What is being asked: The answer consists of the lines from the line holding "본 피해자들을 응원했다." through the last line of the entries, retyped exactly, and nothing else. No pictures belong in it.

---

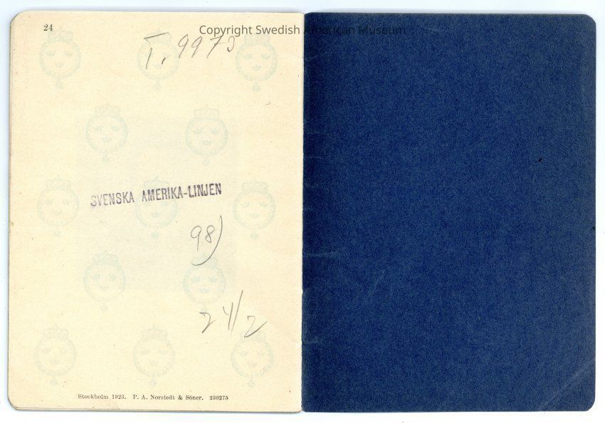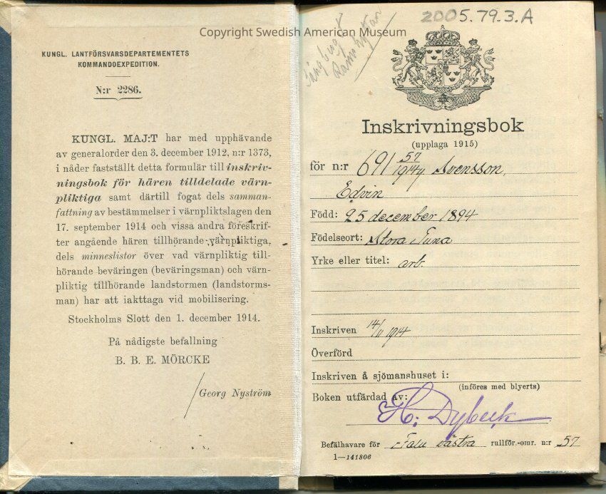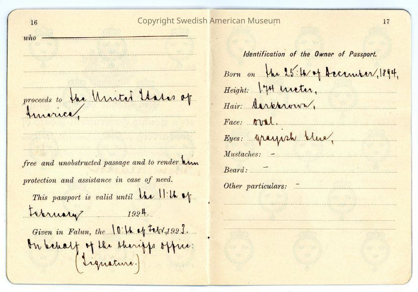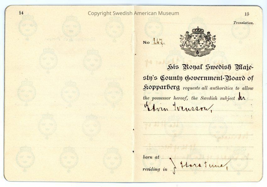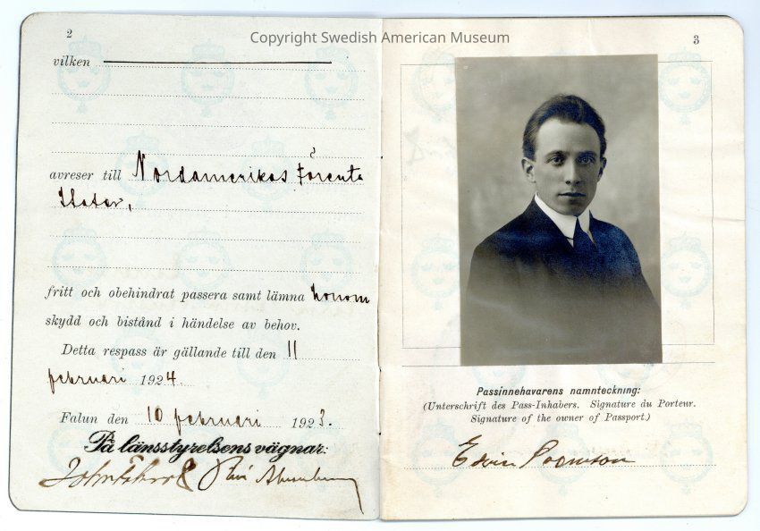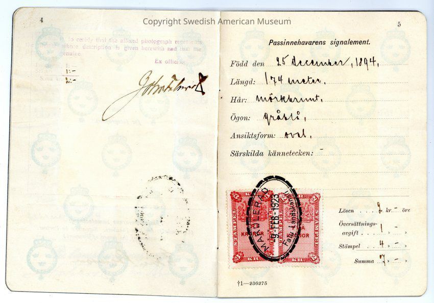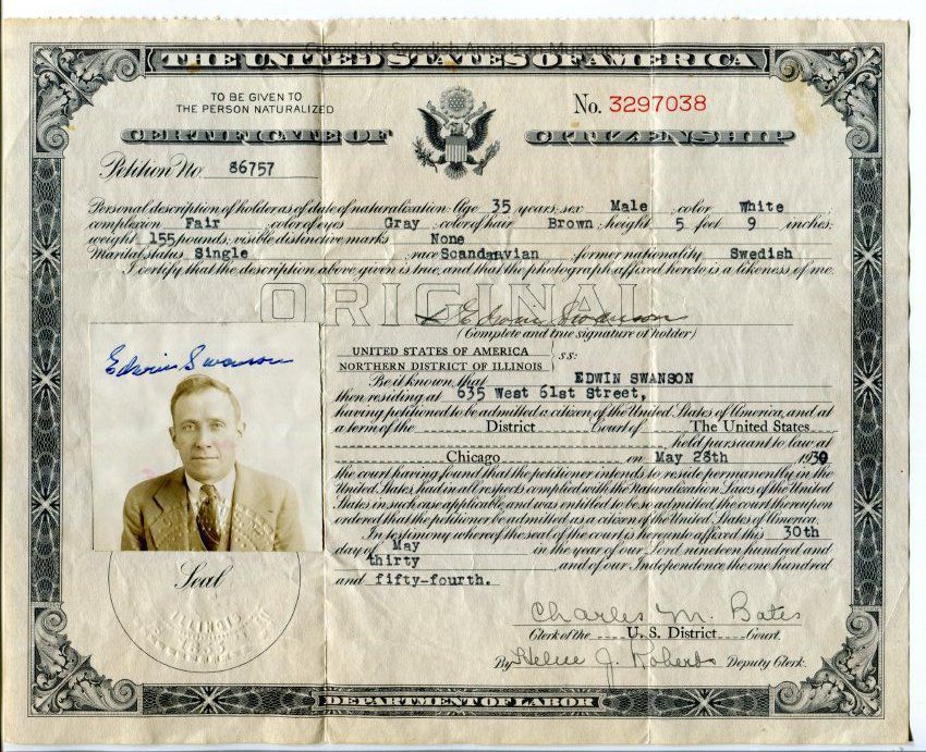 Edvin Svensson (later: Edwin Swanson) was born on Dec. 25, 1894 in Stora Tuna, Dalarna. He worked as a "banarbetare" (railroad worker) in Sweden. He was issued a visa to travel to the United States by the American Consulate General on Feb. 15, 1923 and had 12 months to enter the country. His passport was issued in Falun, Dalarna on Feb. 10, 1923 and expired on Feb. 11, 1924. It granted him the ability to travel back and forth to the United States. He immigrated to Chicago, Illinois and became a United States citizen on May 28, 1930.Acquisition
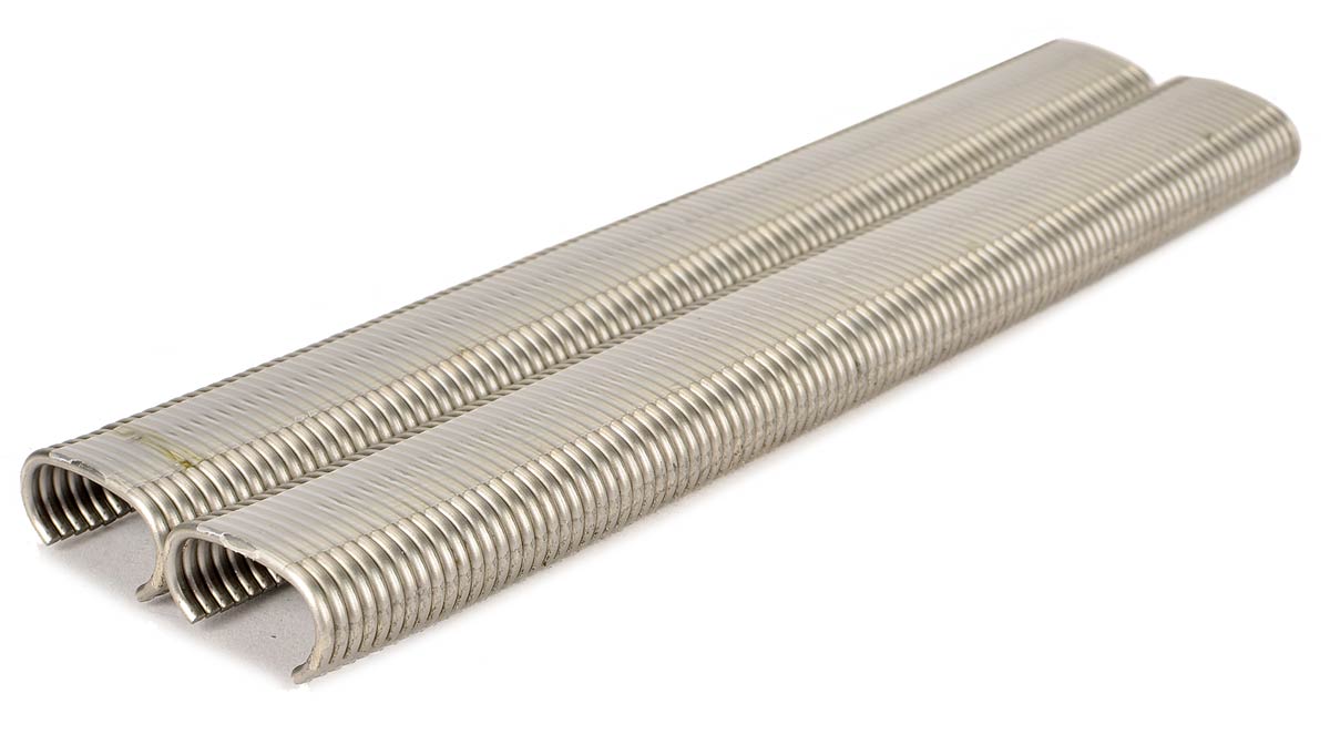3/4 inch hog ring staples 15 Ga, Blunt. Stainless Steel. 10,000/box. Salco brand.
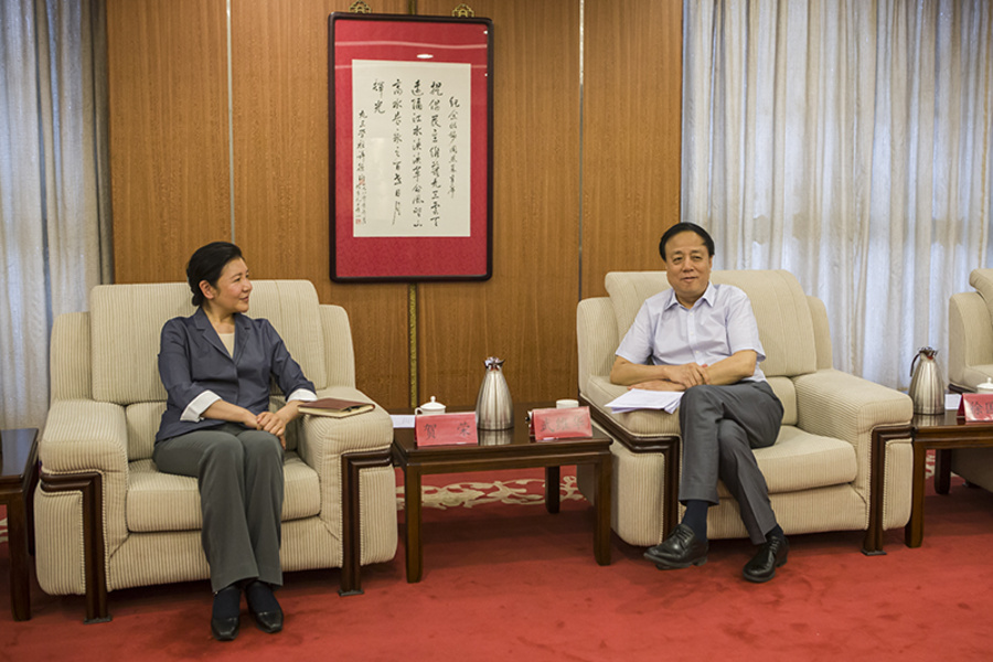 6月1日上午,九三学社中央主席武维华在九三学社中央机关会见中共陕西省委副书记贺荣。
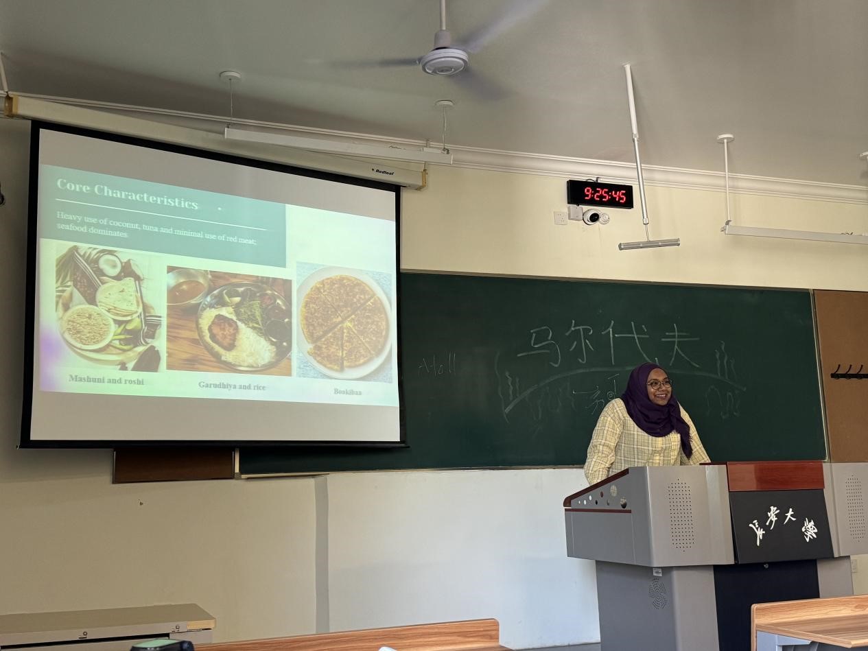 近日,来自马尔代夫维拉公司的中文教师阿米拉作为主讲人,以丰富的知识储备与生动的讲述,为国际中文教育班的同学带来了一场别开生面的交流盛宴。
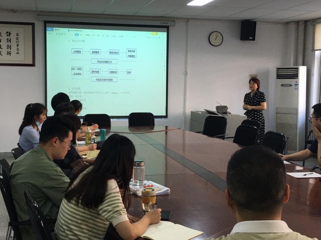 王丽娟老师对毕业设计的整个流程及各阶段的注意事项做了分享。她指出老师要指导好员工的选题、开题、答辩等各项工作,注意细节,把握时间节点。老师们针对指导员工毕业论文工作中的各种问题做了交流,为做好学院2023届毕业生的毕业论文(设计)工作奠定了良好基础。
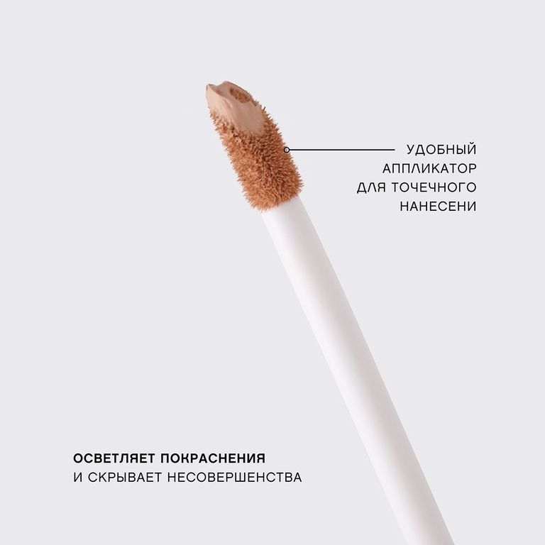 У него кремовая текстура в четырех натуральных оттенках и удобный ворсовый аппликатор, чтобы точечно наносить средство на несовершенства на лице.
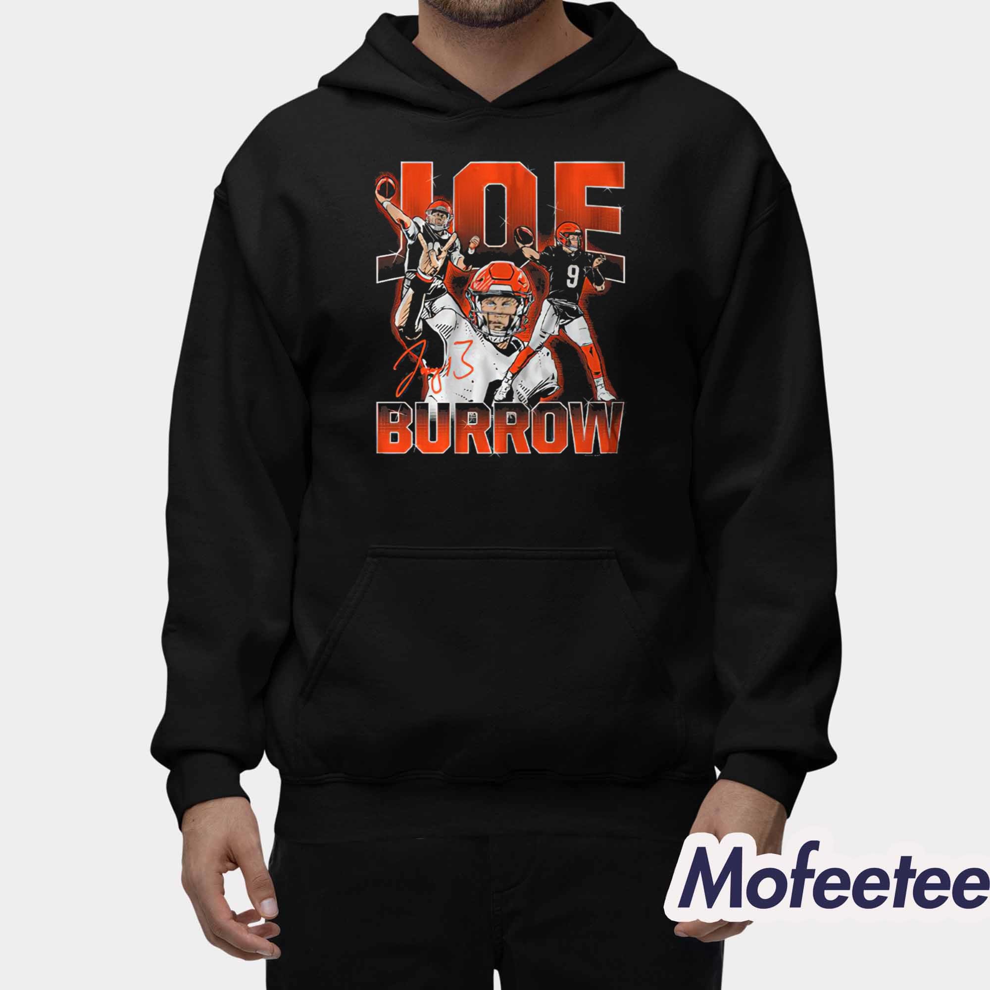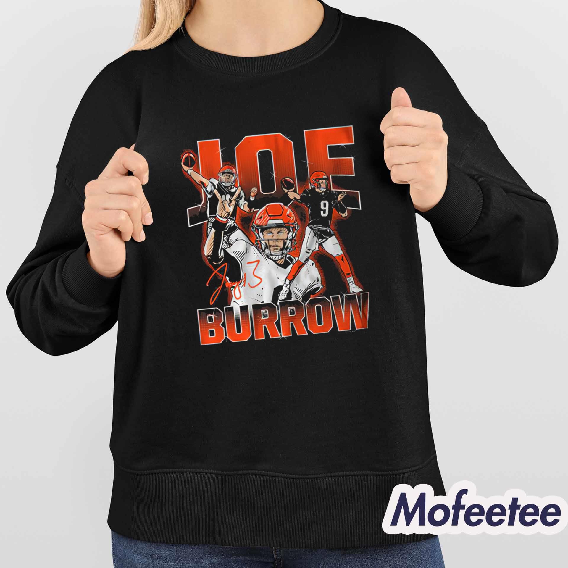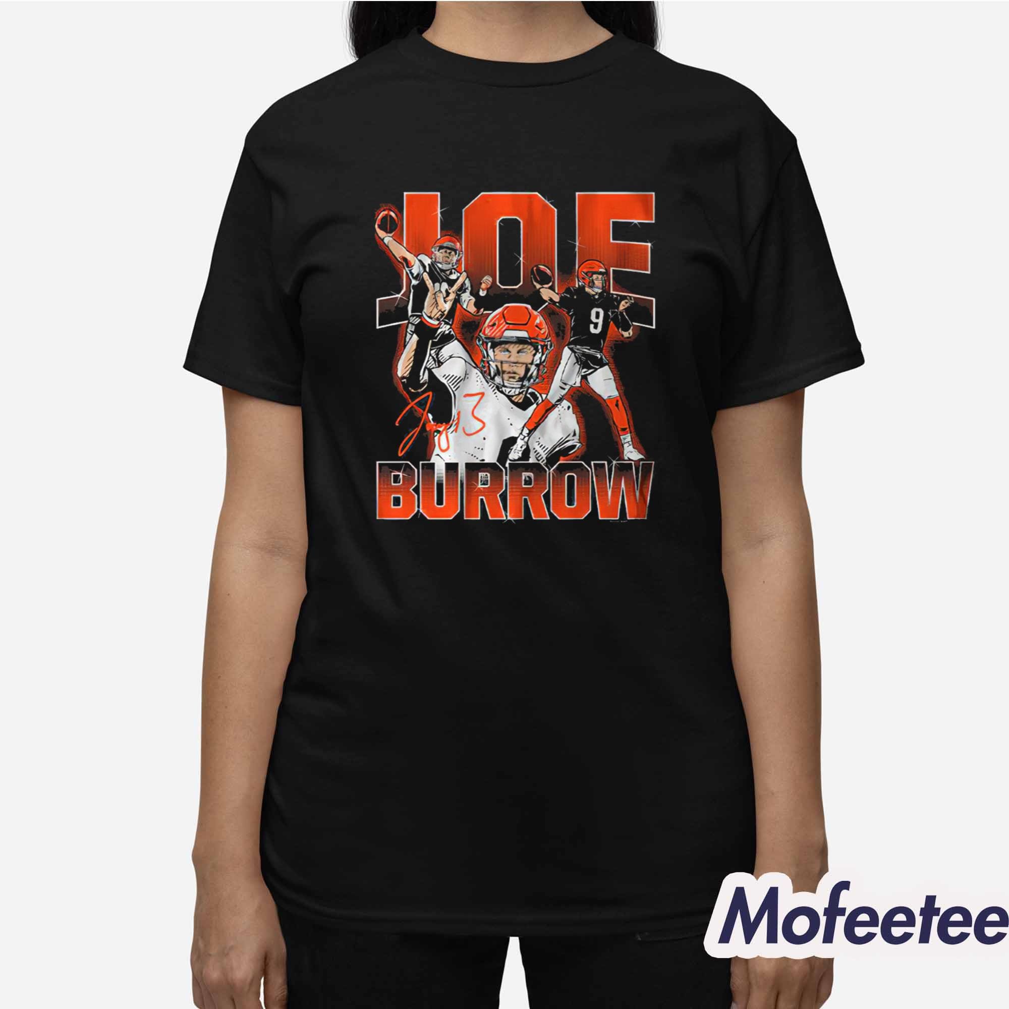 The shirt is made from high-quality cotton, offering both comfort and durability for all-day wear. The black shirt serves as the perfect backdrop for the dynamic graphic of Joe Burrow in action. The artwork captures the energy and excitement of Burrow’s gameplay, complete with his iconic number 9 jersey. His strong presence on the field is brought to life through the detailed, vibrant illustration, which showcases him in his prime.
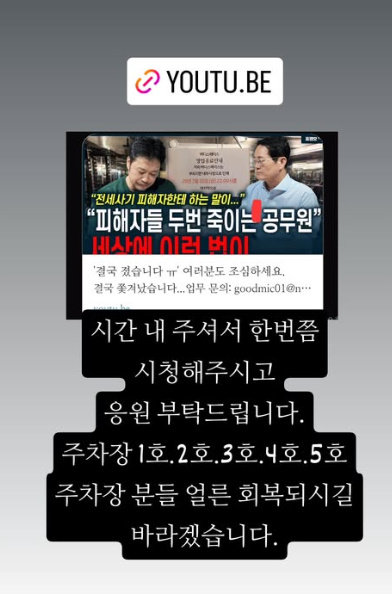 이어 최강희는 "주차장 1호, 2호, 3호, 4호, 5호 주차장 분들 얼른 회복되시길 바라겠습니다"라며 서울 강남구 논현동의 주차장 건물에서 전세사기 피해를 본 피해자들을 응원했다.
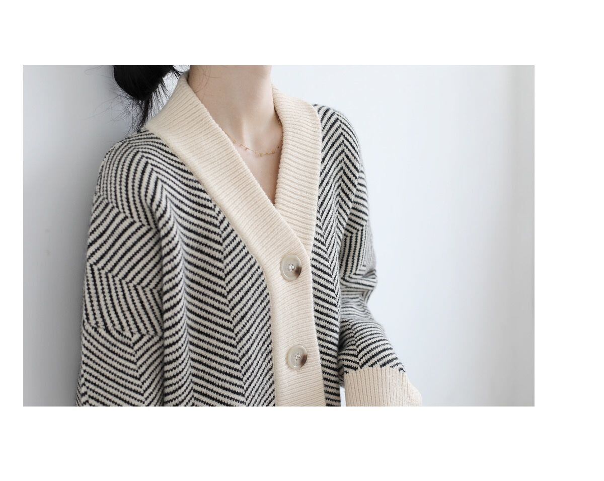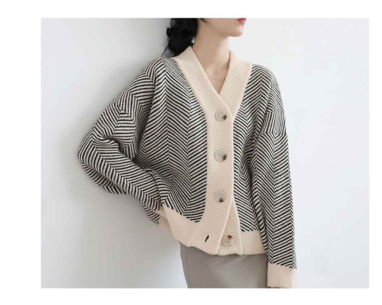 オータムスタイルルーズストライプセーター ニットコート レディース 秋物 普寧65006158809

---

Result below:
 이어 최강희는 "주차장 1호, 2호, 3호, 4호, 5호 주차장 분들 얼른 회복되시길 바라겠습니다"라며 서울 강남구 논현동의 주차장 건물에서 전세사기 피해를 본 피해자들을 응원했다.
 オータムスタイルルーズストライプセーター ニットコート レディース 秋物 普寧65006158809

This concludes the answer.